# Old Atlas switch controller



## ftauss (Sep 18, 2012)

I was in a LHS today looking through the used parts boxes and I saw some switch controllers that had a switch that moved up and down like what I imagine an actual old style switch control might look like. They mount vertically and have a corner on one side and a rounded edge on the other and the bar goes up and down with a spring loaded momentary contact at the top and bottom. He had them in the N section but I suppose they would work with N or HO.

They looked and felt good and they ganged together taking up very little room. There were only 3 though. They were marked Atlas but didn't see them on the Atlas site. are these still made by Atlas or anyone?

Frank


----------



## ftauss (Sep 18, 2012)

37 views and no one has an opinion? Idea? Experience?


----------



## Ray Haddad (Feb 19, 2014)

ftauss said:


> 37 views and no one has an opinion? Idea? Experience?


Frank,

It's kind of a non question but the answer is that they are still available both new and used. They are just a switch. Nothing special except for the look. If you like them, buy them.

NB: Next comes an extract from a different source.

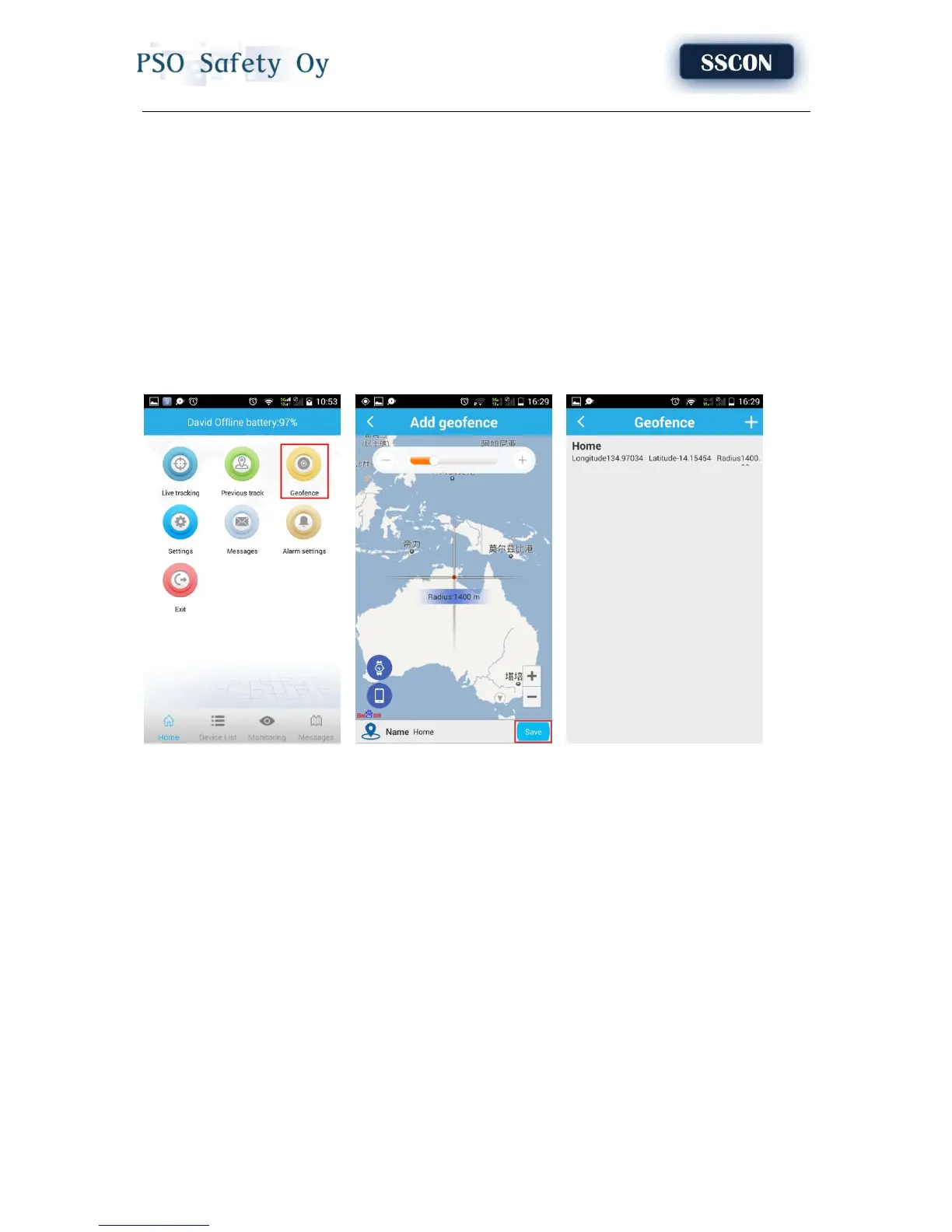 Click on the upper right corner “+”under main menu for setup geo-fence. Then the device will lock

I see you are in Virginia. I may have a few that I've accumulated over the years. I'll rummage around and see if I can find them and send them to you. I never plan to use them so you're welcome to them. I'll PM you when I locate them. I just added you to my contacts and sent e friend request. Just so I can find this information later when I locate the switches.

Ray


----------



## wsboyette (Jan 25, 2014)

I know exactly what switch you have there, I had some back in the 1970s. Atlas hasn't made that style of switch in a long time, for years they have been using slide switches.


----------



## Redmaxx (Jan 28, 2014)

I had bought a box of junk at a train show and there were a few of them in there.


----------